**Directions for this task:** Exclude the pictures from your copy, and reproduce each entry below verbatim.

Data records
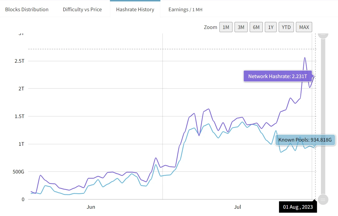 根据 Mining pool 的数据,各个项目的算力数据如下所示:
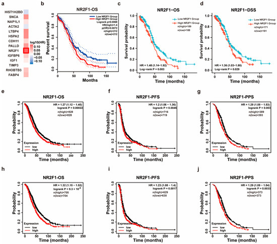 The prognostic significance of co-DEGs expression in OC patients was explored by applying the GEPIA2. As illustrated in Figure 2a, the expression of NR2F1 had the most significant relationship with OC patients’ OS (HR = 1.4, p = 0.0068), whereas others DEGs showed no obvious significance (p > 0.05) (Figure 2a,b). As well, patients with higher NR2F1 levels displayed inferior OS (HR = 1.48, p = 0.003) and DSS (HR = 1.36, p = 0.029) based on Xiantao tool (Figure 2c,d). Consistently, the Kaplan-Meier plotter demonstrated that the NR2F1 expression was prominently connected to shorter OS (HR = 1.27, p = 0.00022), PFS (HR = 1.2, p = 0.0045), and PPS (HR = 1.29, p = 0.003) in patients with OC (Figure 2e–g). Additionally, highly expressed NR2F1 also displayed poorer OS (HR = 1.32, p = 9.3 × 10−5), PFS (HR = 1.23, p = 0.0017), and PPS (HR = 1.29, p = 0.0033) in OC patients receiving platinum (Figure 2h–j). The univariate and multivariate Cox regression analyses were conducted for examining NR2F1’s ability to independently predict adverse OC prognoses. The results implied that NR2F1 was independently correlated with unfavorable OS after adjustment for stage, primary therapy outcome, race, age, grade, anatomic neoplasm subdivision, lymphatic and venous invasion, and tumor residual disease (Table 1). Taken together, these findings reveal that NR2F1 might act as an independent prognostic biomarker in OC.
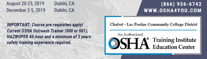 at Chabot-Las Positas Community College District currently offers high quality OSHA standards-based training for construction, maritime and general industry at our locations in the San Francisco Bay Area as well as in Central and Southern California, Nevada and Hawaii. Programs offered include OSHA safety standards, Outreach Trainer courses, Cal/OSHA standards curriculum, environmental courses and customized onsite safety training.
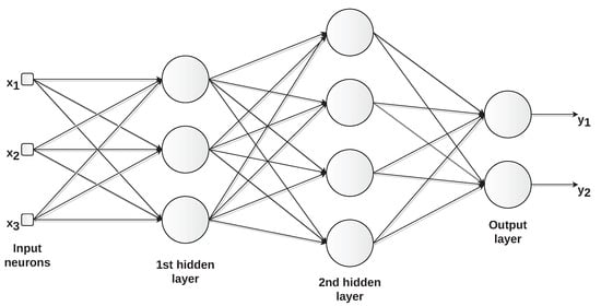 In multilayer feed-forward networks, the network comprises one or more hidden layers, whose corresponding neurons are called hidden neurons (Figure 9). They are given this name because the neurons in the hidden layers are not directly visible from either the network’s input or output. A multilayer perceptron (MLP) is a typical multilayer feed-forward network.
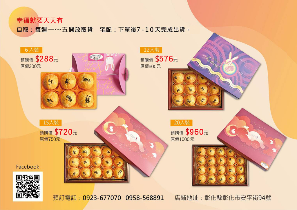 中秋節的期間,窯幸福推出了6入裝、12入裝、15入裝及20入裝,詳細資料如下圖,蛋黃酥現在必須提前預訂,因為他們的販售時間有所限制。通常只能在週三、週四和週五有機會購買,而在中秋節期間,他們每天都會有限量供應,建議提前預訂,這樣比較保險!
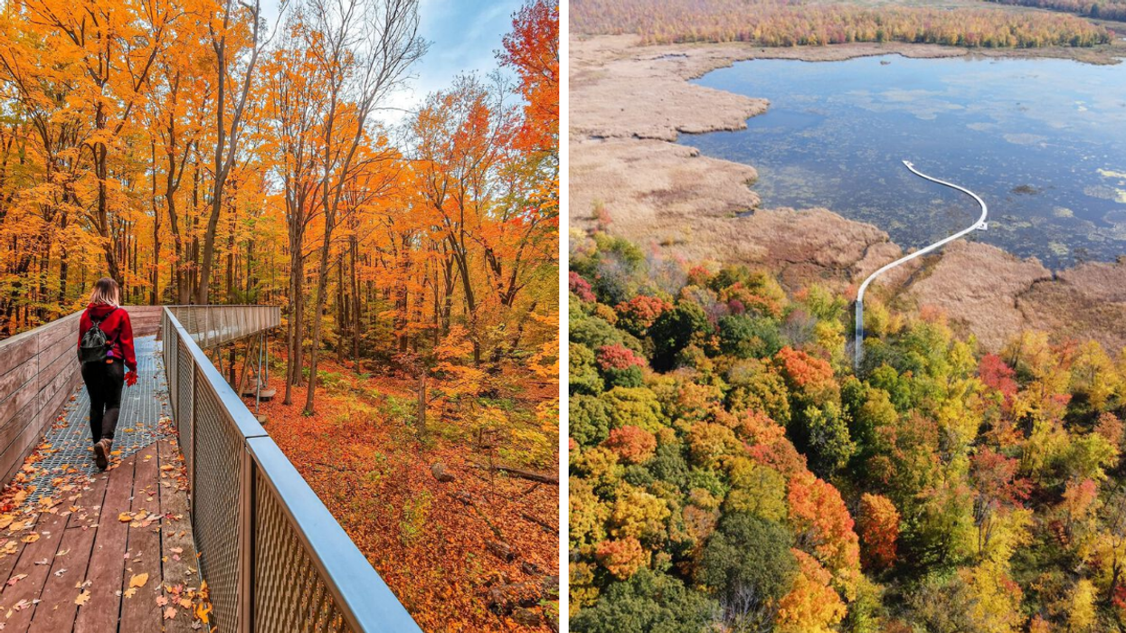 Quand les paysages se parent de leurs couleurs d'automne, le moment est tout indiqué pour partir à la recherche des sentiers de randonnée environnants. Afin de t'éviter de fouiller à travers le Web, on a rassemblé neuf endroits avec des passerelles près de Montréal où profiter de cette beauté éphémère au Québec. Ce ne sont pas les lieux magnifiques en nature qui manquent dans la région et plusieurs adresses ne demandent qu'à être ajoutées à ta bucket list.

**Solution:**
 根据 Mining pool 的数据,各个项目的算力数据如下所示:
 The prognostic significance of co-DEGs expression in OC patients was explored by applying the GEPIA2. As illustrated in Figure 2a, the expression of NR2F1 had the most significant relationship with OC patients’ OS (HR = 1.4, p = 0.0068), whereas others DEGs showed no obvious significance (p > 0.05) (Figure 2a,b). As well, patients with higher NR2F1 levels displayed inferior OS (HR = 1.48, p = 0.003) and DSS (HR = 1.36, p = 0.029) based on Xiantao tool (Figure 2c,d). Consistently, the Kaplan-Meier plotter demonstrated that the NR2F1 expression was prominently connected to shorter OS (HR = 1.27, p = 0.00022), PFS (HR = 1.2, p = 0.0045), and PPS (HR = 1.29, p = 0.003) in patients with OC (Figure 2e–g). Additionally, highly expressed NR2F1 also displayed poorer OS (HR = 1.32, p = 9.3 × 10−5), PFS (HR = 1.23, p = 0.0017), and PPS (HR = 1.29, p = 0.0033) in OC patients receiving platinum (Figure 2h–j). The univariate and multivariate Cox regression analyses were conducted for examining NR2F1’s ability to independently predict adverse OC prognoses. The results implied that NR2F1 was independently correlated with unfavorable OS after adjustment for stage, primary therapy outcome, race, age, grade, anatomic neoplasm subdivision, lymphatic and venous invasion, and tumor residual disease (Table 1). Taken together, these findings reveal that NR2F1 might act as an independent prognostic biomarker in OC.
 at Chabot-Las Positas Community College District currently offers high quality OSHA standards-based training for construction, maritime and general industry at our locations in the San Francisco Bay Area as well as in Central and Southern California, Nevada and Hawaii. Programs offered include OSHA safety standards, Outreach Trainer courses, Cal/OSHA standards curriculum, environmental courses and customized onsite safety training.
 In multilayer feed-forward networks, the network comprises one or more hidden layers, whose corresponding neurons are called hidden neurons (Figure 9). They are given this name because the neurons in the hidden layers are not directly visible from either the network’s input or output. A multilayer perceptron (MLP) is a typical multilayer feed-forward network.
 中秋節的期間,窯幸福推出了6入裝、12入裝、15入裝及20入裝,詳細資料如下圖,蛋黃酥現在必須提前預訂,因為他們的販售時間有所限制。通常只能在週三、週四和週五有機會購買,而在中秋節期間,他們每天都會有限量供應,建議提前預訂,這樣比較保險!
 Quand les paysages se parent de leurs couleurs d'automne, le moment est tout indiqué pour partir à la recherche des sentiers de randonnée environnants. Afin de t'éviter de fouiller à travers le Web, on a rassemblé neuf endroits avec des passerelles près de Montréal où profiter de cette beauté éphémère au Québec. Ce ne sont pas les lieux magnifiques en nature qui manquent dans la région et plusieurs adresses ne demandent qu'à être ajoutées à ta bucket list.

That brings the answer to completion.